### [YOUR ASSIGNMENT]
In your copy, leave out the pictures and output only the lines from the one holding "Lyle & Scott" through the end of the data below, exactly.

### [DATASET]
━━━━━━━━━━━━━━━━━━━━

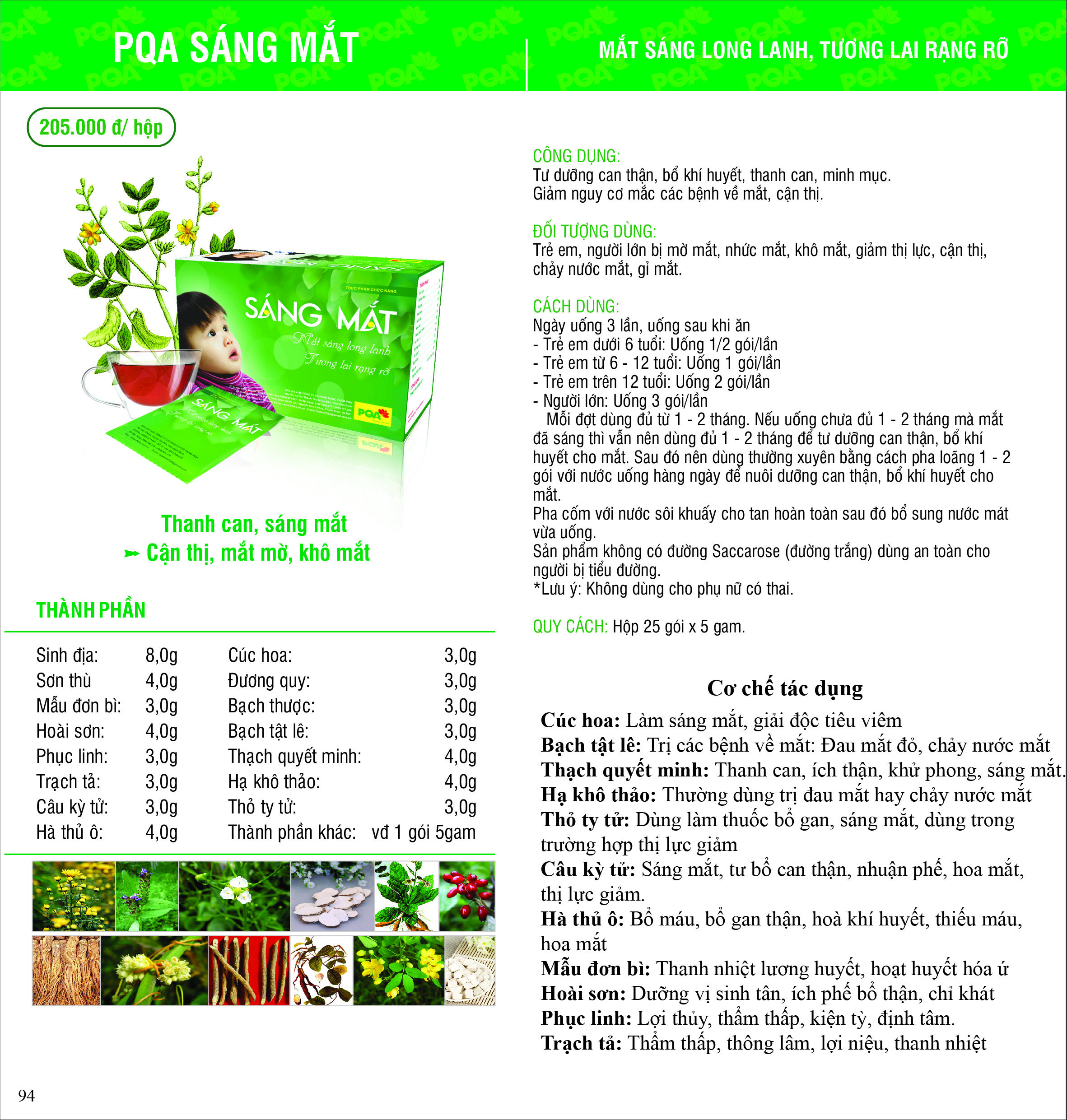 Sáng Mắt PQA Thành Phần Từ Thiên Nhiên Hỗ Trợ Bổ Cho Mắt, Cải Thiện Thị Lực Hộp 25 Gói THÔNG TIN SẢN PHẨM: - Xuất xứ: Việt Nam - Dung tích: Hộp 25 gói
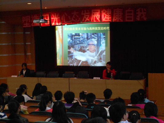 方老师以“如何塑造好的心态,并在当今社会中发现自身的长处”展开讲座。她从什么是阳光心态、认识自我是心理健康的前提、处在当今社会你需要拥有的有哪些、大学生基本素质等方面进行了详细的讲述。强调新生应以积极的心态去应对新环境、新集体、新生活,学会阳光思维,学会自主学习;正确认识自己,多找自己的优点;积极主动学习、沟通;重视形象礼仪,重视行为规范;在实践中不断地学习,不断地完善自我,明确目标,明确方向,永往直前,从而能使同学们快乐又充实地度过大学三年。在讲座过程中方老师还以幽默的语言带领大家体验阳光心态,并强调认识自我的重要性。(责编:马琪)
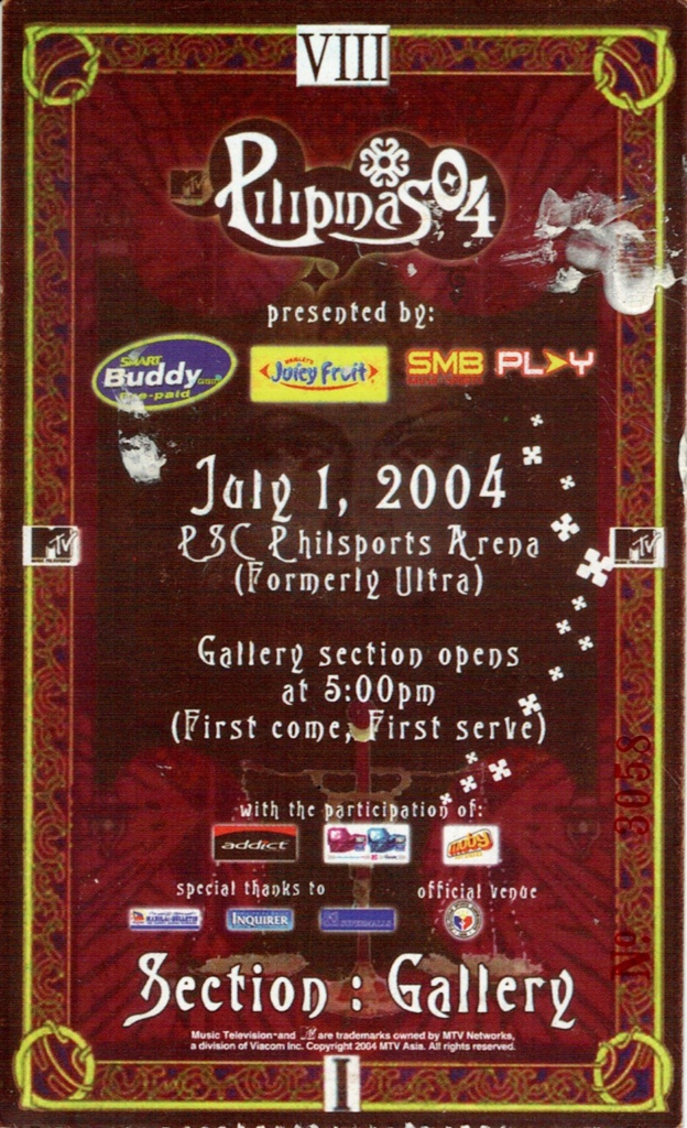 He slapped the ticket into my palm before I could say anything. I slowly handed him the money on autopilot, while trying to process what I was doing. I wasn’t haggling – I hadn’t even intended to go. I stared at the red card in my hand, slowly recalibrating my plans for the next few hours. I didn’t know the actual cost or value of the ticket in my hand, but I was now in possession of an MTV Pilipinas Music Awards 2004 entrance ticket, for the price of a few sticks of fishballs. Well, this is a first for me, buying a ticket from a scalper.
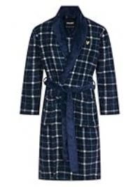 Lyle & Scott Cassidy Check Bathrobe Lyle and Scott Cassidy towelling check print bathrobe with contrasting collar and belt.Featuring the classic embroidered eagle. Perfect for any occasion or gifting. Material Content: 260GSM 100% POLYESTER
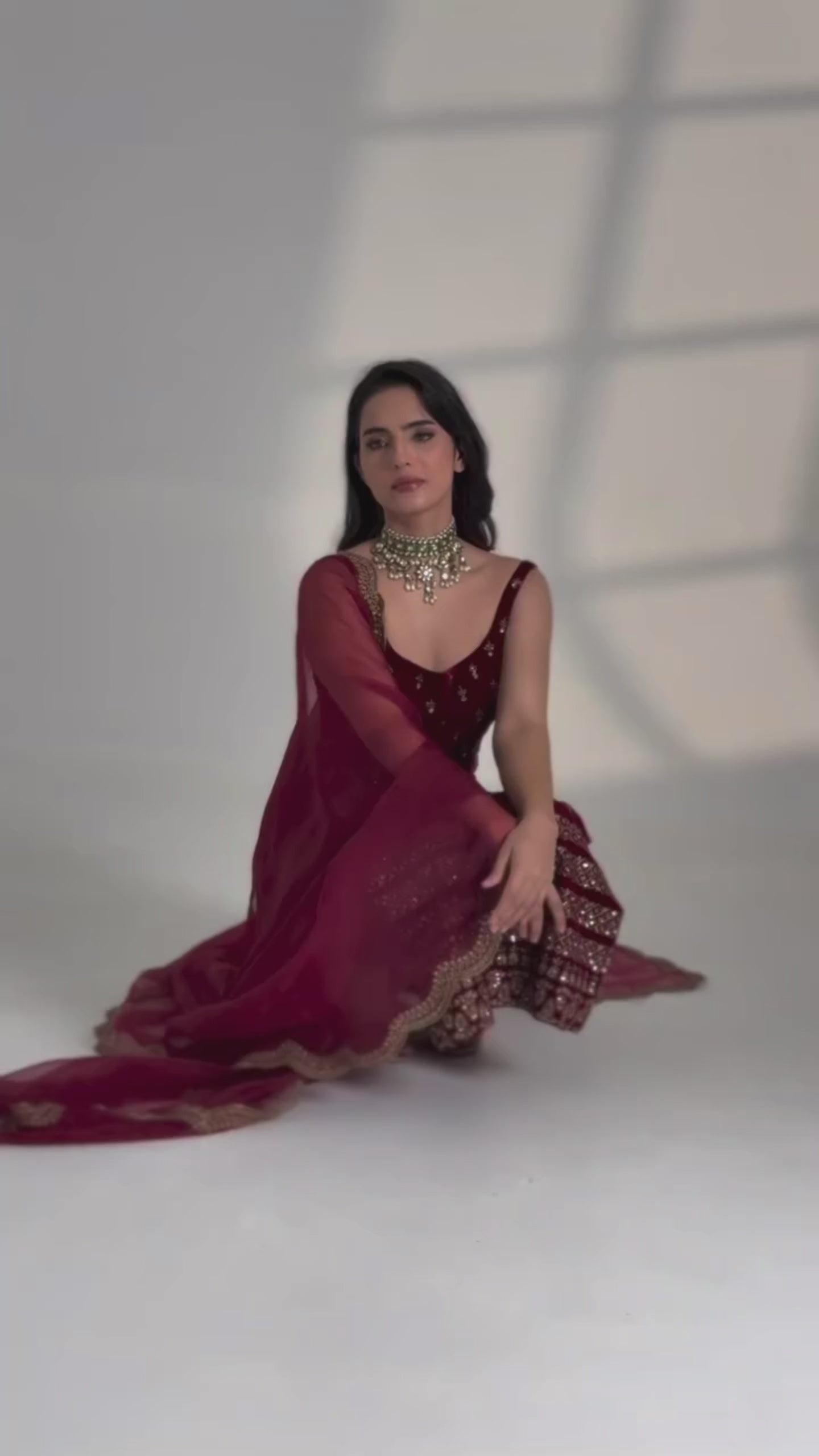 Red Embroidered Silk Anarkali Palazzo Suit Set

━━━━━━━━━━━━━━━━━━━━

### [RESULT OF THIS EXERCISE]
 Lyle & Scott Cassidy Check Bathrobe Lyle and Scott Cassidy towelling check print bathrobe with contrasting collar and belt.Featuring the classic embroidered eagle. Perfect for any occasion or gifting. Material Content: 260GSM 100% POLYESTER
 Red Embroidered Silk Anarkali Palazzo Suit Set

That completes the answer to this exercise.